Quais as causas da guerra e da violência?

“Muitas guerras surgem por causa de ódios duradouros entre povos, por ideologias, ou por ganância de poder ou de riqueza de indivíduos ou de grupos. Para alguns, a motivação para a guerra e para o poder é também o desespero, quando, por exemplo, não têm voz politicamente, quando sofrem de fome, de pobreza, de opressão ou outras injustiças. Onde poucos ricos vivem à custa de muitos pobres, esta desigualdade provoca frequentemente surtos de violência” (DOCAT, 284).

Apesar destas questões, vale sempre lembrar que a injustiça não se vence com violência. Tampouco a violência se vence com a violência, pois, segundo Papa Francisco “a violência só se vence com a paz”.

Neste mês, a campanha Eu sou o Brasil Ético fala sobre segurança. Mas que tal, ao invés de pensarmos políticas públicas contra a violência, passarmos a também em maneiras de prevenir a violência? Para isso, a Igreja nos aconselha abaixo.
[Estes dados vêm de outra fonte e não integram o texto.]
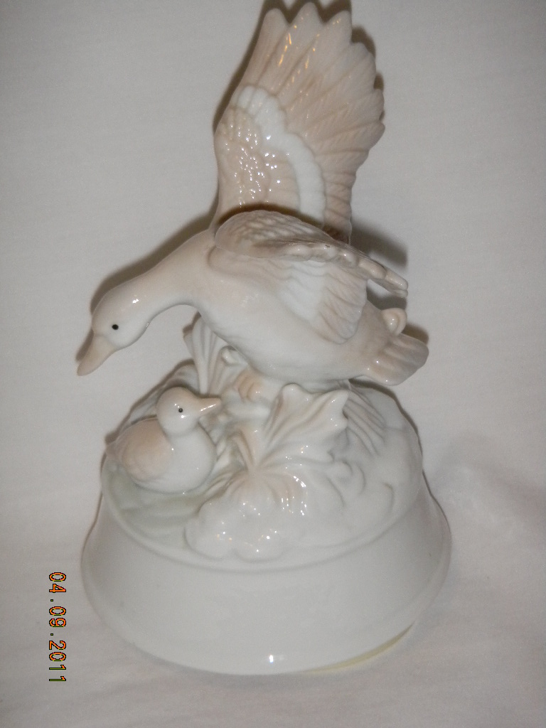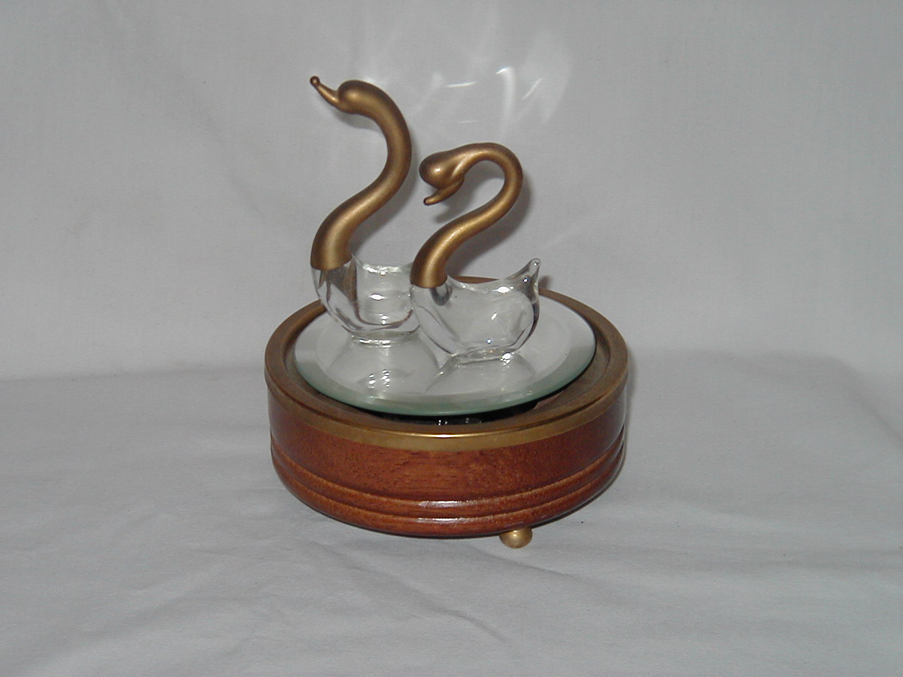 Jordan Originals Two Swans One Hovering over Other on Wood Pedestal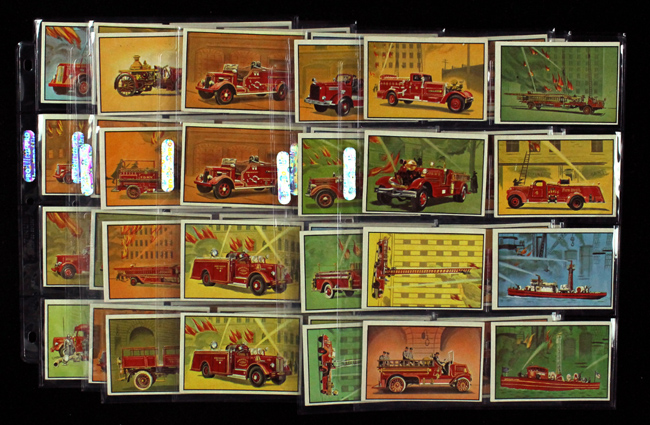 Lot of (56) 1953 Bowman Firefighters cards (EX overall). Includes #s 1, 2, 4, 5, 6, 7, 8, 9, (2) 10, 11, 12, 15, 19, 20, 21, 24, (2) 25, (2) 26, 27, 28, (2) 29l 30, 31, 32, (2) 33, (3) 34, 35, 36, (2) 37, (2) 38, 39, 40, 44, 45, 49, 50, 51, 54, 55, 57, 58, 59, 60, 61, 62, 63, and 64. Cards grade EX overall with some lesser or better grade.

Quais estratégias de prevenção existem para evitar a guerra e a violência?

“O combate pela paz nunca pode consistir apenas no desarmamento ou na supressão violenta de conflitos. Muitas vezes, a causa da violência é a mentira e ainda mais a injustiça. Estruturas injustas conduzem sempre à exploração e à miséria. Falta de participação e restrição da liberdade manifestam-se em resistência violenta. Por isso, a guerra só pode ser duravelmente evitada onde surgirem sociedades livres nas quais dominam relações justas e todas as pessoas têm uma perspectiva de desenvolvimento. Também evitam a guerra ajudas úteis para o desenvolvimento (DOCAT, 286).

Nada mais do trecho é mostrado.